I slept for 12 hours last night.
I do not think I have ever done that in my entire life.
With drugs and drink I have made almost eight hours a few times, but never more than that on my own.
I am at a stage of my life where extra rest would REALLY help my aging joints, but I can not do anything that helps me sleep more than my normal three or four hours at a setting, except to get really drunk.
I have been off of alcohol since January, though. I am not interested in going back down that dark hallway any time soon.
I usually sleep for 7-9 hours when I'm taking dexamphetamine and caffeine, and I slept for 12-16 hours a day, split into a couple of blocks, when I took a break from the stimulants recently. Some of that was rebound, but I used to sleep for 10-12 hours when I was just taking caffeine.
Caffeine is my drug of choice these days. It is one drug that I can control.
Depending upon how I use/abuse it, I am afforded a whole set of differing affects from which to choose. (Quantity is the key for me "One cup makes you smaller and two cups make you tall" type of thiong)
Right now, after having another altercation in traffic that I could have avoided, I am having a lot of trouble sleeping.

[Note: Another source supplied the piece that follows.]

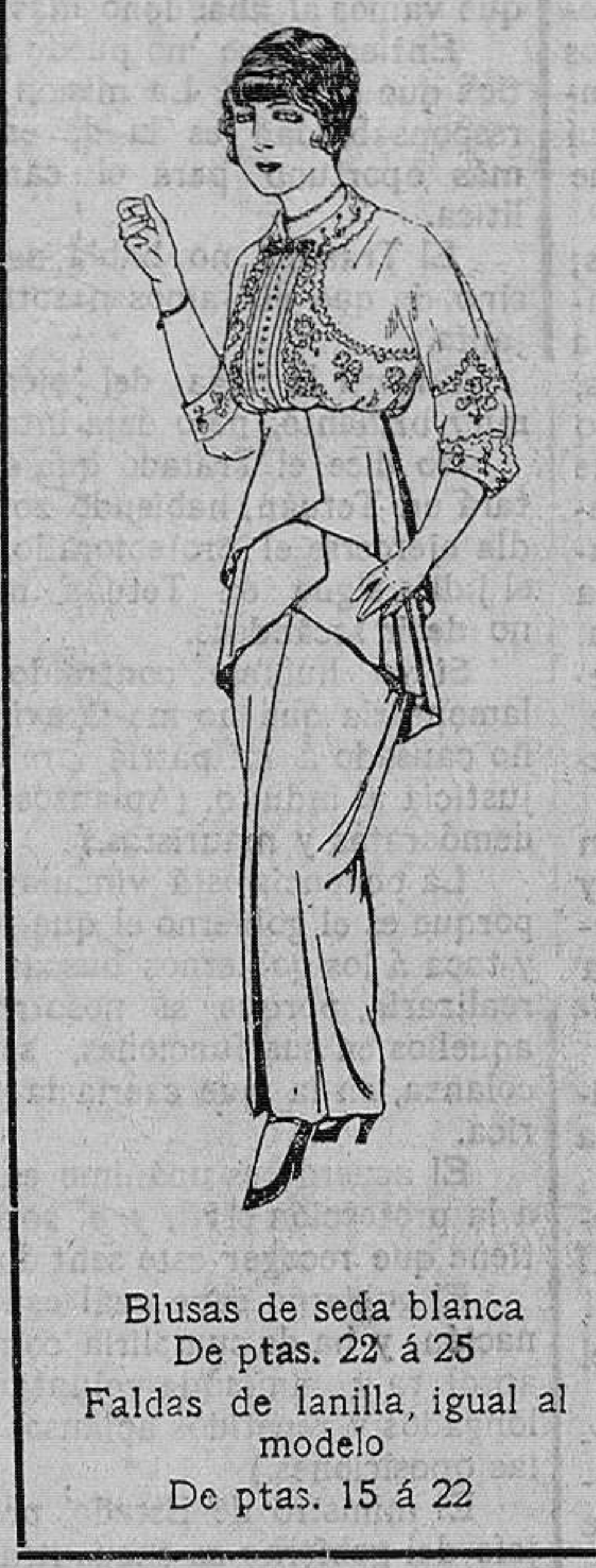
Blusas de seda blanca. De ptas. 22 á 25. Faldas de lanilla, igual al modelo. De ptas. 15 á 22

Camisería, Géneros de punto, Corbatería, Guantería, Sombrería, Zapatería, Paraguas, Bastones, Artículos para viaje.
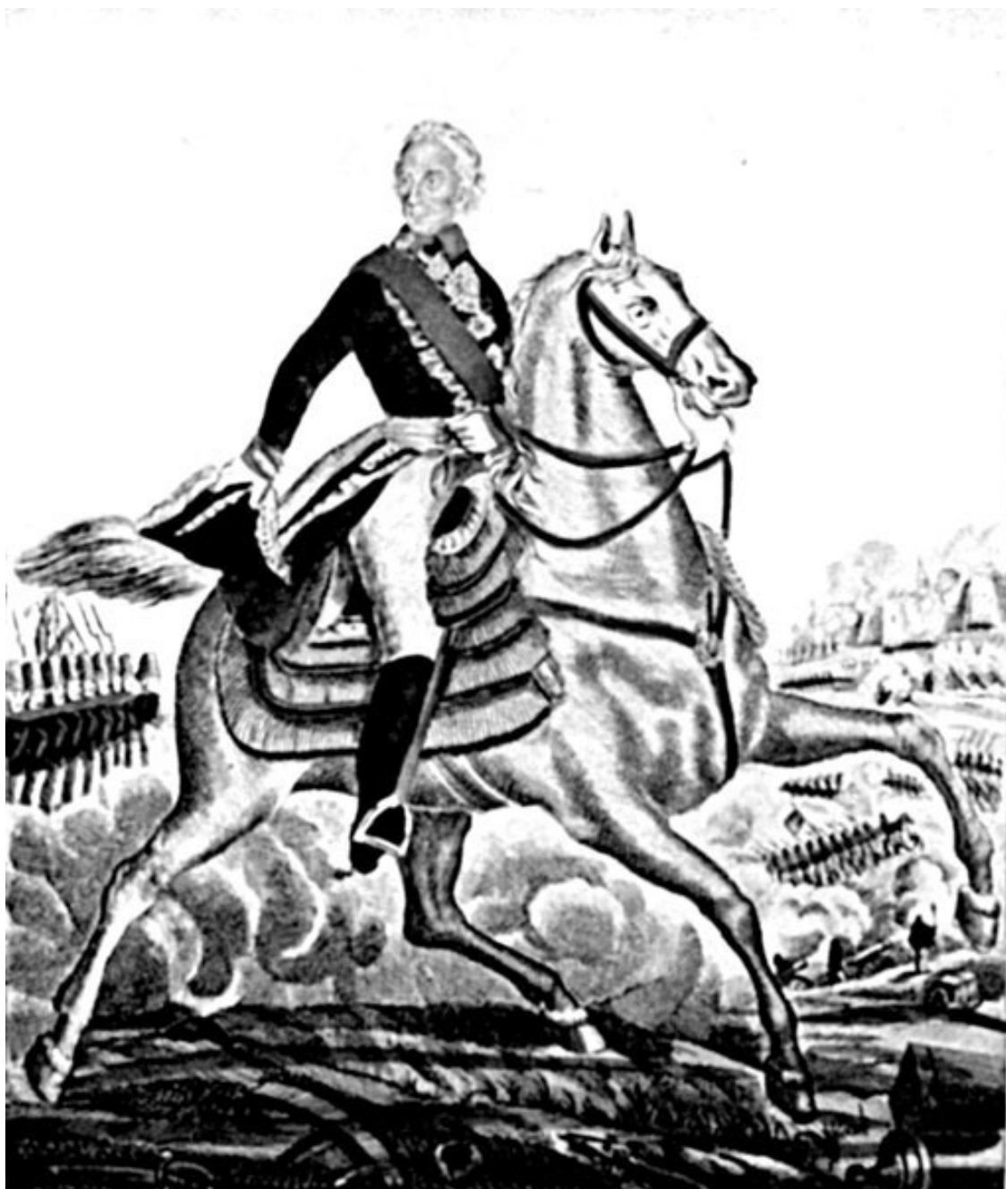
Лубочный образ А.В. Суворова

Здесь в ходе Семилетней войны начинает складываться боевой стиль будущего полководца: тотальная продуманность боя, быстрое и решительное осуществление своего замысла. Причем настолько быстрое и решительное, что фактически неожиданное для противника. Иными словами, противник, возможно, и ожидал, что Суворов нагрянет именно отсюда, но никогда не ожидал такой скорости и такой силы удара. Суворов рискует, но всегда рискует оправданно, не пробует, не пытается, не старается, а тщательно готовит и наносит молниеносный удар, предпочитая холодное оружие (штыки или сабли).

I feel that I have failed to reach a level of calmness toward which I have just been been tested, well, last week I was tested and I failed.
I have an earworm from my sleep, lately. I generally remember many dreams, but lately I can not - I only remember this song.
It is an ancient - from my youth - Eric Burden and the Animals' song, "Please Don't Let Me Be Misunderstood" I want to find a way for this to mean something to me, but it means so many other things that I can not imagine how it has become such a "burden" upon me to bear the memory of this song.